Harry Potter-style cloaking finally possible
April 7, 2014

Negative-index metamaterial (11 layers) transferred to a glass substrate by nanotransfer printing (insert: enlarged view) (credit: Li Gao et al./Advanced Optical Materials)

University of Central Florida (UCF) scientists have created the first large-area metamaterial (cloaking material) for the visible-light spectral range*.

Controlling and bending light around an object so it appears invisible to the naked eye is the theory behind fictional invisibility cloaks. But so far, cloaking has been mainly limited to the microwave region or to micron-scale (millionths of a meter) objects in the visible-light region.

But UCF assistant professor Debashis Chanda and fellow optical and nanotech experts were able to achieve visible-light cloaking over a large area by using a multilayer 3-D open-mesh (fishnet) metamaterial to control the material’s refractive index** and thus control bending of light.
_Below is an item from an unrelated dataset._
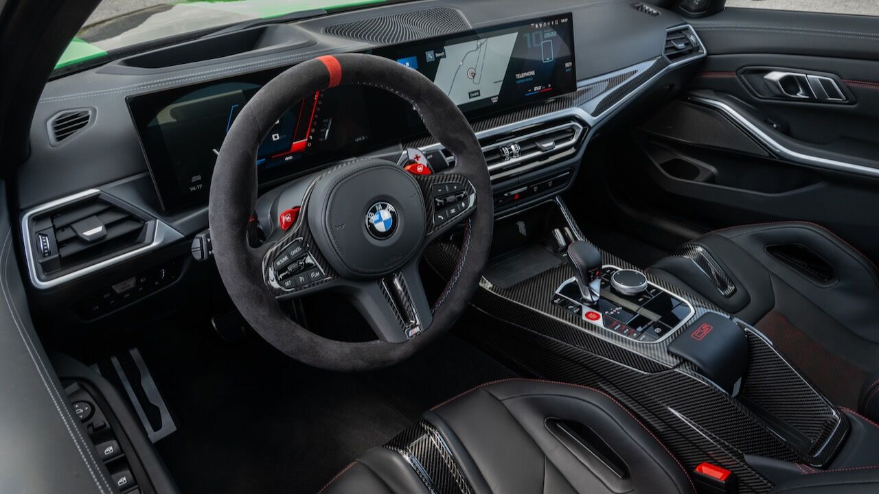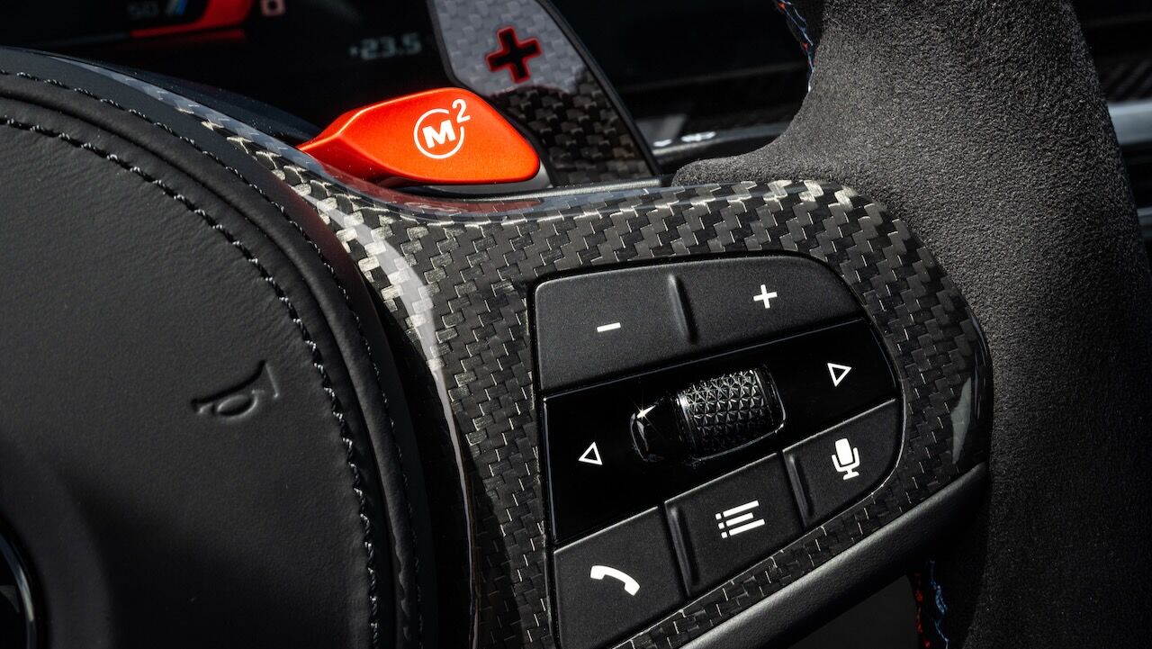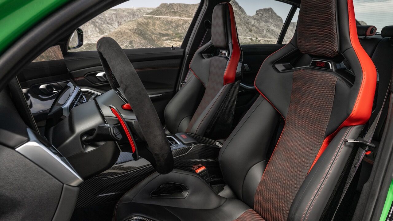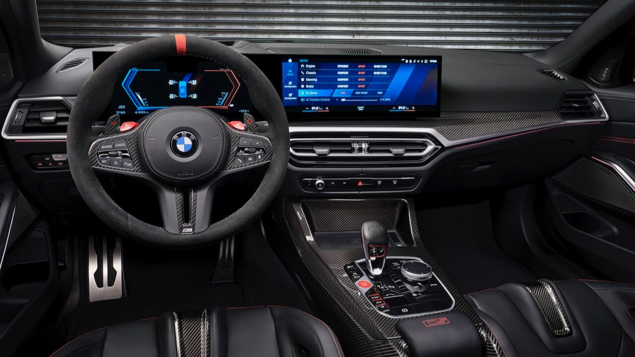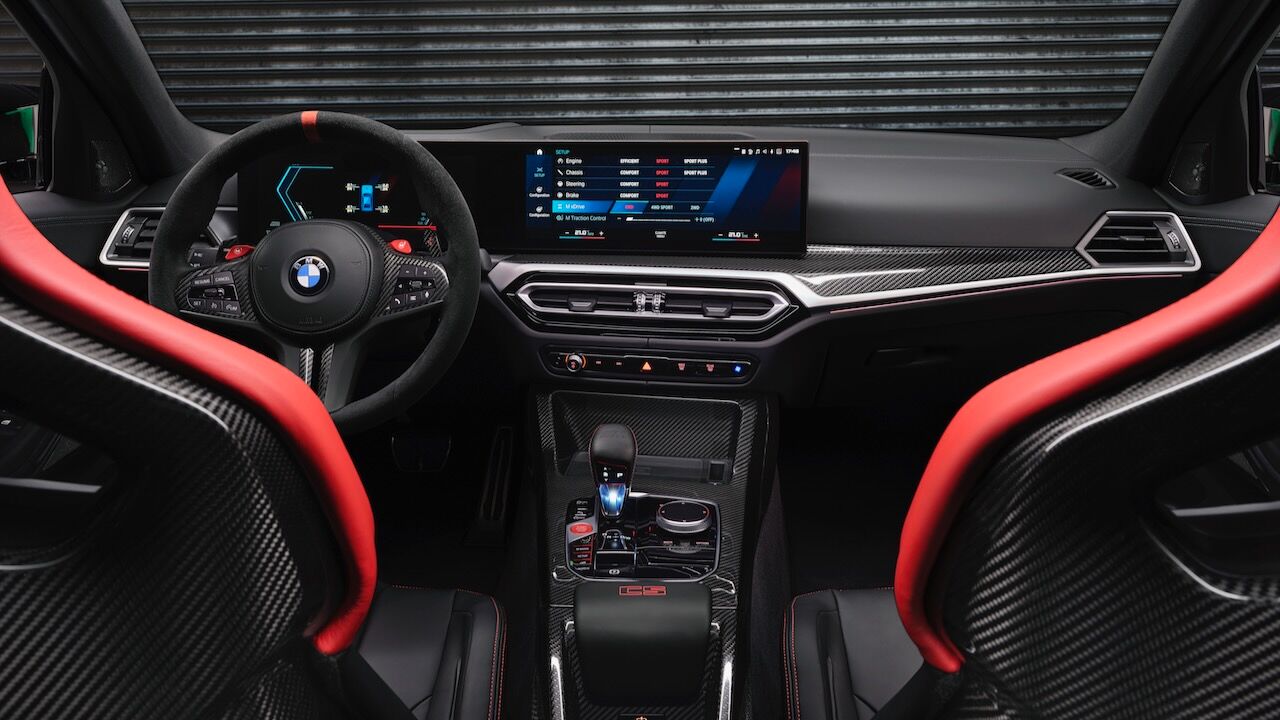El interior se no queda atrás y ofrece una atmósfera realmente deportiva. Los principales culpables son los asientos tipo baquet M de fibra de carbono específicos. Cuentan con reglajes eléctricos y calefacción, además de tener el distintivo iluminado y de recibir una tapicería en cuero Merino con costuras en contraste. Va a juego con el volante M Alcántara con levas de cambio en CFRP y con la inscripción M3 CS en varios puntos del habitáculo. También se incluye el botón Setup en la consola central para un accedo directo a las funciones de conducción.

To create the material, they used a nanotransfer printing technique that creates metal/dielectric composite films. These are stacked in a 3-D architecture to achieve nanoscale patterns for operation in the visible spectral range. Control of electromagnetic resonances over the 3-D space by structural manipulation allows precise control over propagation of light.

Metamaterial cloaking for fighter jets

By improving the technique, the team hopes to be able to create larger pieces of the material with engineered optical properties, which would make real-life-device applications possible (the sample they created covers about 4 square centimeters). For example, the team could develop large-area metamaterial absorbers that would enable fighter jets to remain invisible from detection systems.

“This is the first demonstration of large-area metamaterial working in the visible spectral range,” Chandra told KurzweilAI. “Further funding will be required for specific device development.”

The University of Illinois, Sandia National Laboratories, and Photronics Inc. were also involved in the study.

* Visible light wavelengths are in the range of about 400 (violet) to 700 nm (red). Infrared, terahertz, and microwave have longer wavelengths, allowing for larger metamaterials to function with light in those spectral regions.

Visible-light spectrum (credit: Wikimedia Commons)

** The refractive index of a material is a measure of how much light is bent, or refracted, when entering a material. Metamaterials have a negative refractive index, meaning light is bent so as to make the material invisible over a specific range of wavelengths.

Abstract of Advanced Optical Materials paper

J. A. Rogers, D. Chanda, and co-workers use a nanotransfer printing technique to fabricate large-area visible 3D negative index metamaterials. Alternating silver and dielectric layers are printed over a large area on a flexible substrate, and deposition conditions are introduced such that nearly ideal geometries with excellent optical properties are obtained.